Julie G wrote:One would want to increase lipidation of ApoE4, decrease apoE4 levels (preferentially non-lipidated apoE4), or alter apoE4 so that it could be more lipidated, or less toxic (Wang et al, 2018). I don't think these approaches need to be mutually exclusive either.
The holy grail! I like this, Harrison. If you've figured out a "home brew", let us know.
Unfortunately no home brew for this. It's possible the statins may lower apoE levels (
https://www.ncbi.nlm.nih.gov/pubmed/16960448), but they also likely would lower apoE lipidation. ApoE is taken up by the LDL Receptor, and a little bit of work suggests resveratrol may increase LDL receptor number (
https://www.ncbi.nlm.nih.gov/pubmed/22153697). I don't think anyone has figured out how to increase apoE lipidation via ABCA1 without toxicity, although this new finding is interesting:
http://www.jlr.org/content/early/2018/03/21/jlr.M081851.

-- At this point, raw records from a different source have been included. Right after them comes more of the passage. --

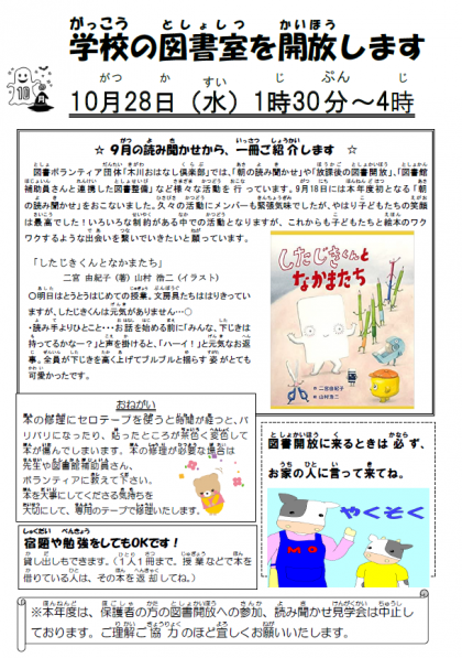 今年度初めての図書ボランティアさんによる図書館開放が10月28日にあります。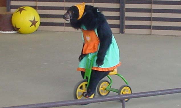 | まずは、お猿さんのショーがありました | 続いて、クマのショーが始まりました |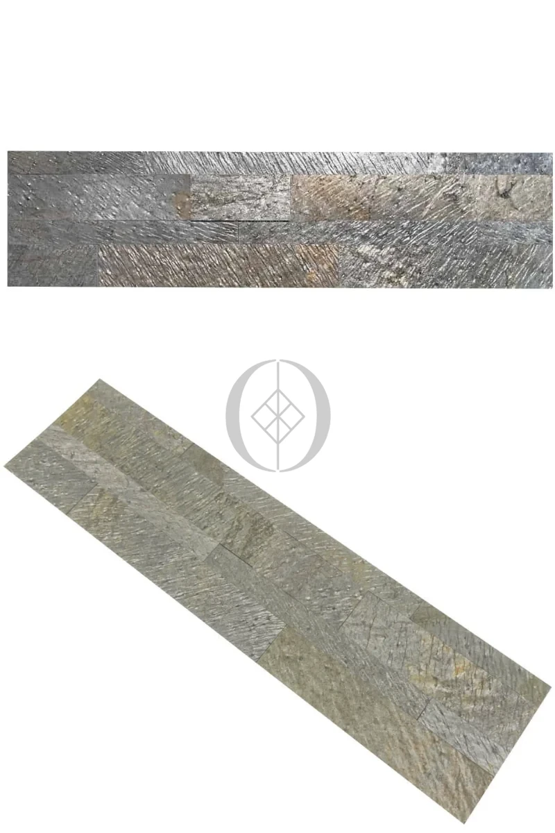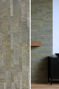 Das Panel 3D Gold Green besteht aus Steinfurnier mit einer Stärke von ca. 2 mm, das auf einem elastischen Träger mit selbstklebender Schicht aufgebracht ist. Dadurch vereint es das Aussehen natürlichen Steins mit geringem Gewicht und einfacher Montage. Die unregelmäßige Textur und die leicht reliefartige Oberfläche verleihen der Wand Tiefe und den Eindruck handverlegter Steinplatten.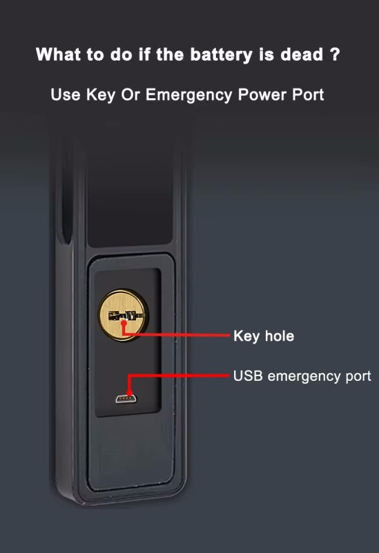 Замок завчасно попереджає про низький заряд батареї. У випадку повної розрядки замок можна відкрити механічним ключем або підключити живлення через порт micro-USB для аварійного доступу.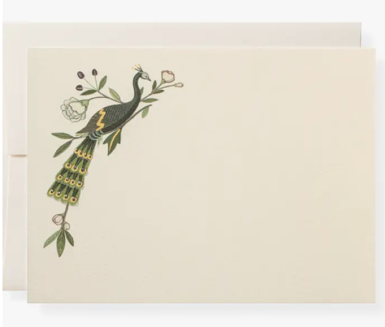 Our Peacock flat notes are printed and foiled in Memphis, TN. Full color ink printed on natural white paper, letterpress printed in gold foil, and paired with natural white envelopes. Sold as a Box of 10 flat notes with blank envelopes or Bulk of 100 flat notes with blank envelopes. Paper color | natural white. Envelope color | natural white. Dimensions | 4.25 x 5.5 inches. Quantity | box of 10

Julie G wrote:For me, it keeps coming down to peripheral apoE levels because that's something we can actually measure. Do we know anything definitive about the correlation between peripheral and cerebral apoE? I keep coming back to
Rasmussen's and
Goodenowe's work. Higher levels of plasma APOE are correlated with better cognition. Goodenowe has found that High HDL/low TG is a good proxy. It's telling (to me at least) that this combo is also associated with cardio and neuroprotection. I'd be hesitant to actively work on lowering HDL.
It's been long known that the brain makes it's own apoE based in liver transplantation studies. There are essentially 3 different pools of apoE: peripheral apoE, cerebrospinal fluid apoE, and apoE in brain tissue. There is little cross-talk between plasma and CSF
https://www.ncbi.nlm.nih.gov/pmc/articles/PMC5338868/, cross-talk between CSF and brain tissue, but no direct relationship between plasma and brain tissue. What I think might be happening here is that there are variants of the apoE promotor that decrease apoE levels everywhere, which is what Rasmussen was studying. While it is good to have lower levels of non-lipidated apoE4, you do want lipidated apoE4 that functions properly and preserves cognition and brain function. There may not be a direct relationship between plasma apoE and cognition, but rather lower levels of apoE in plasma and brain are a independent downstream effects of ApoE promotor SNPs. Plasma apoE might be useful as a proxy for knowing if you have lower than typical apoE (or if you are increasing it), but doesn't tell you what the actual situation is in the brain.